Irmãos e filhos caríssimos, ao termo desta reflexão, voltemos a atenção para os textos do Novo Testamento, que tivemos a alegria de escutar nesta Liturgia.

Um deles, o do Evangelho de São João, retoma o ensinamento de Jesus na Sinagoga de Cafarnaum sobre o Pão da Vida: este pão, segundo assegura o Senhor, é sua própria carne que, feita alimento dos seus discípulos, lhes dá uma vida que começa aqui na terra e desabrocha na eternidade. A promessa feita em Cafarnaum se realiza plenamente na última Ceia e no mistério da Eucaristia. Este é o pão que se fez Corpo de Cristo para der a vida aos homens.

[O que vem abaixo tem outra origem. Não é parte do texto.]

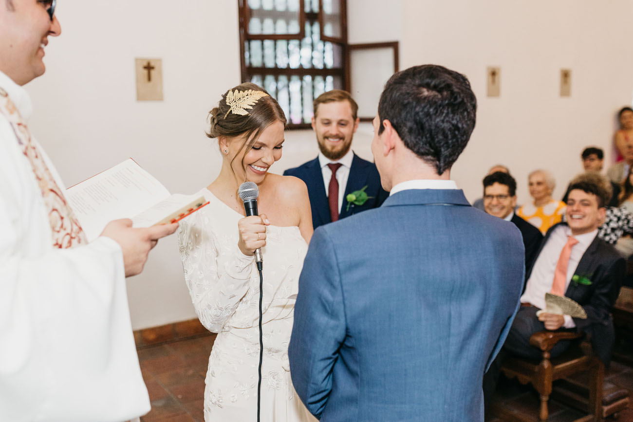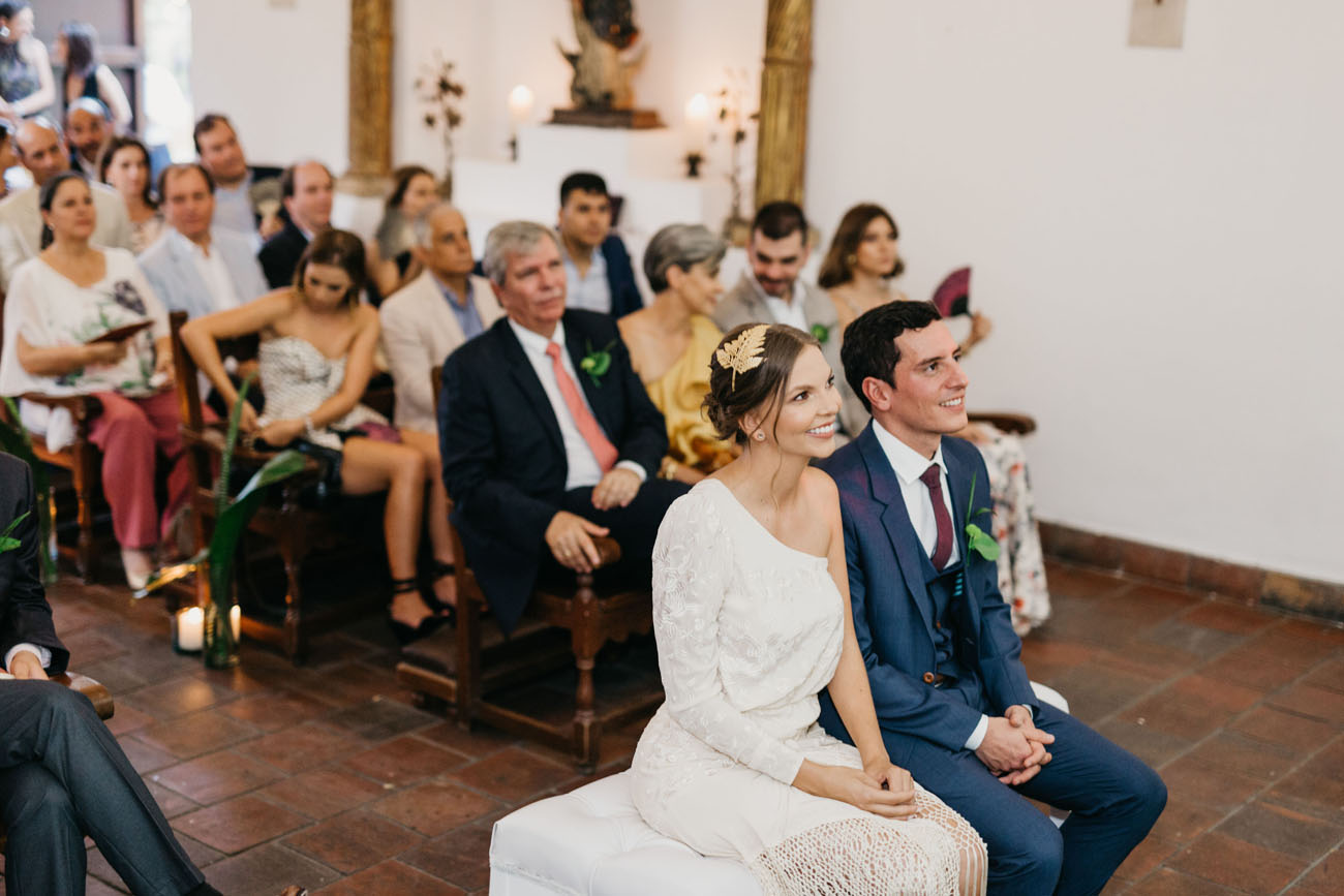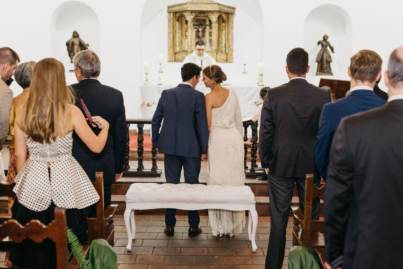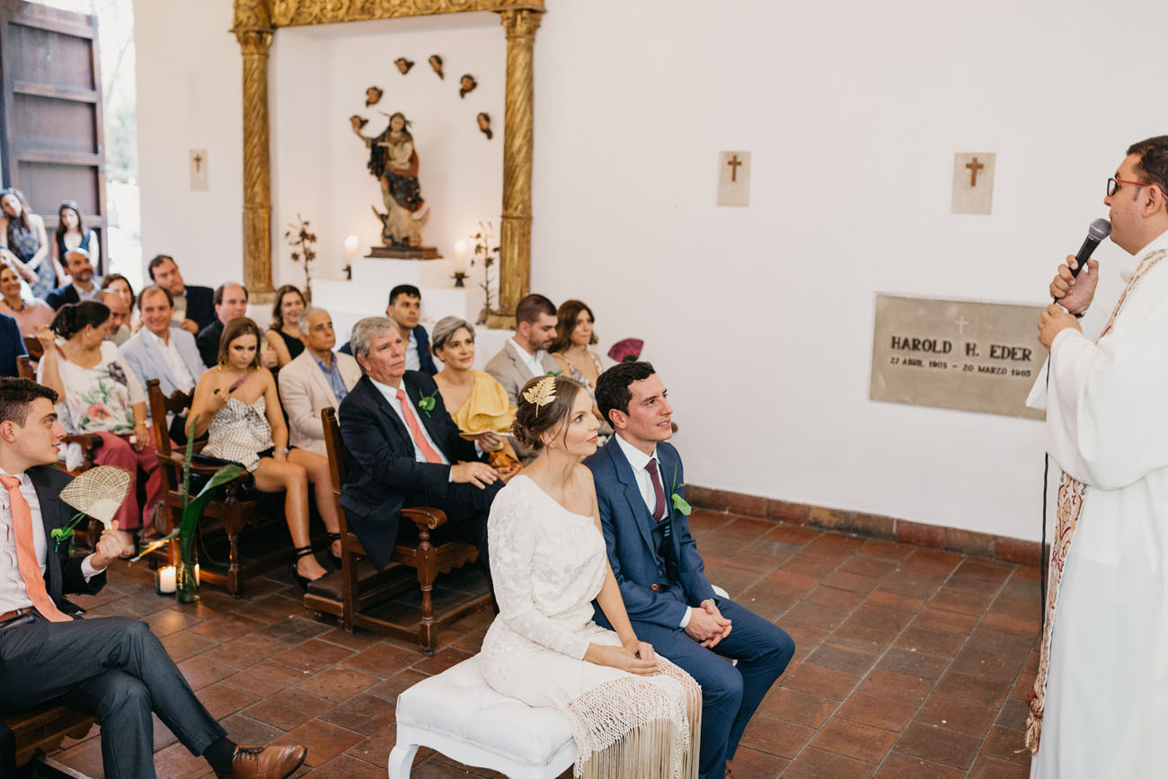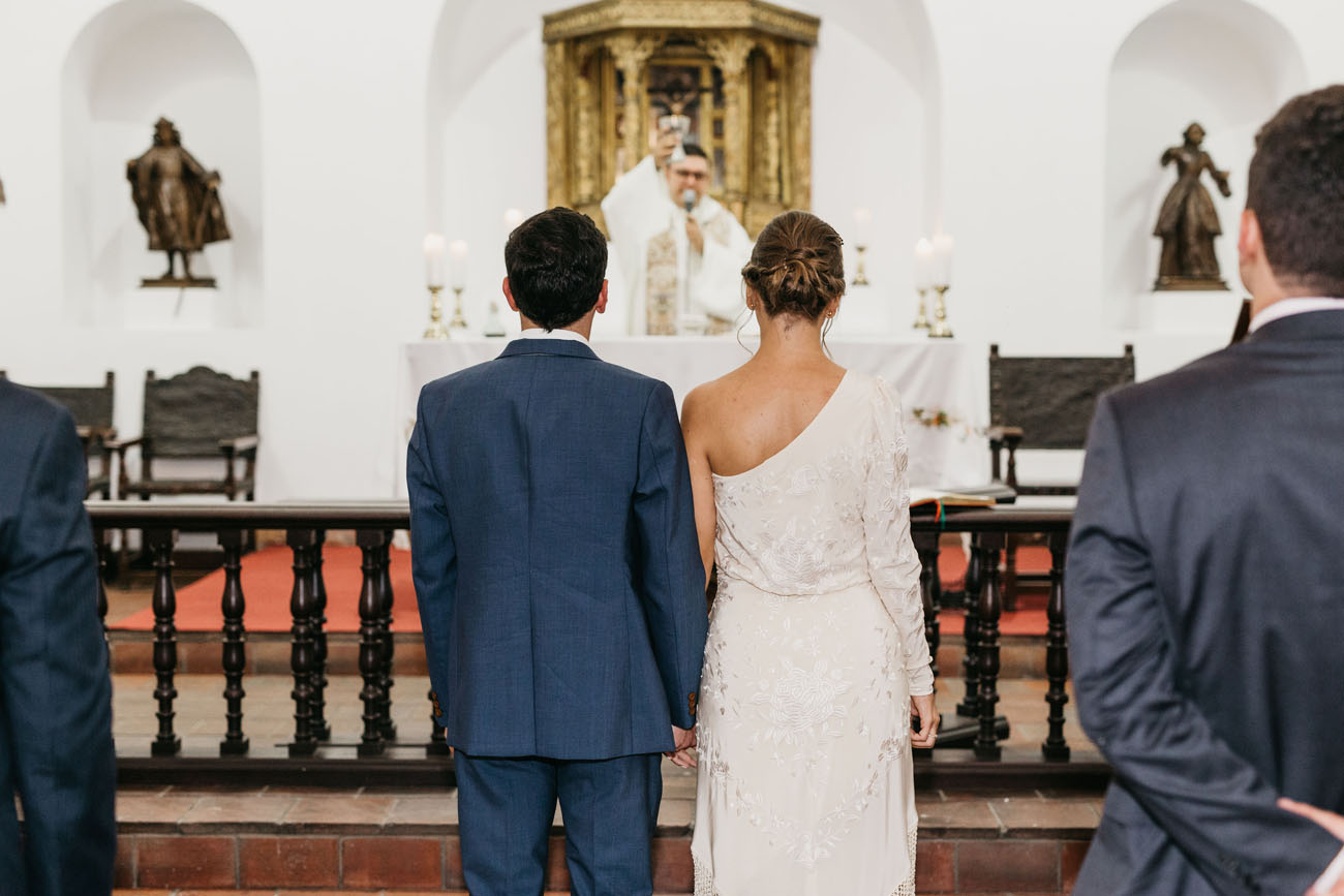 En esa iglesia que tenía tanto significado para Camilo cabían 100 invitados. Agregaron 100 sillas más afuera y a los invitados les dieron abanicos hechos por una artesana de Putumayo, para el calor. Además de los votos, que ellos personalizaron, la música hizo que la ceremonia fuera un momento más emotivo de lo que ya significa ese ritual donde muchas personas se reúnen para celebrar el amor. Una mujer, un hombre y tres instrumentos con la fuerza de lo que pareció un coro completo cantaron canciones en inglés, en español y en italiano. El sacerdote, además, fue un acierto de los más gratos: un discurso fresco, franco, sencillo que logró abrazar la esencia de los dos. En palabras de Laura, capturó la atención hasta de los menos creyentes.

O desejo mais íntimo e mais vivo do Papa nesta hora seria o de poder por algum milagre, penetrar em cada lar do Brasil, ser hóspede de cada família brasileira. Partilhar a felicidade das famílias felizes e com elas render graças ao Senhor. Estar junto das famílias que choram, por algum sofrimento escondido ou visível, para der, se possível, algum conforto. Falar às famílias onde nada falsa, para convidá-las a distribuir o que lhes sobra e que pertence a quem não tem. Sentar-se à mesa das famílias pobres, onde o pão é escasso, para ajudá-las, não a tornar-se ricas no sentido em que o Evangelho condena a riqueza, mas a conquistar aquilo que é necessário para uma vida digna.

Se este é um desejo impossível, quero ao menos, tomando em minhas mãos daqui a pouco o Corpo de Jesus e Seu Sangue precioso, fazer um voto e uma oração: que esta Eucaristia celebrada neste templo sem fronteiras sob a cúpula deste céu do Rio de Janeiro, bem mais vasta e grandiosa do que a de Miguel Ângelo, se torne fonte de verdadeira vida para o povo brasileiro para que ele seja uma verdadeira família e para cada família brasileira para que seja célula formadora deste povo. 

-- Homília do Papa João Paulo II na Santa Missa para as Famílias celebrada durante a visita ao Brasil em 1o. de Julho de 1980.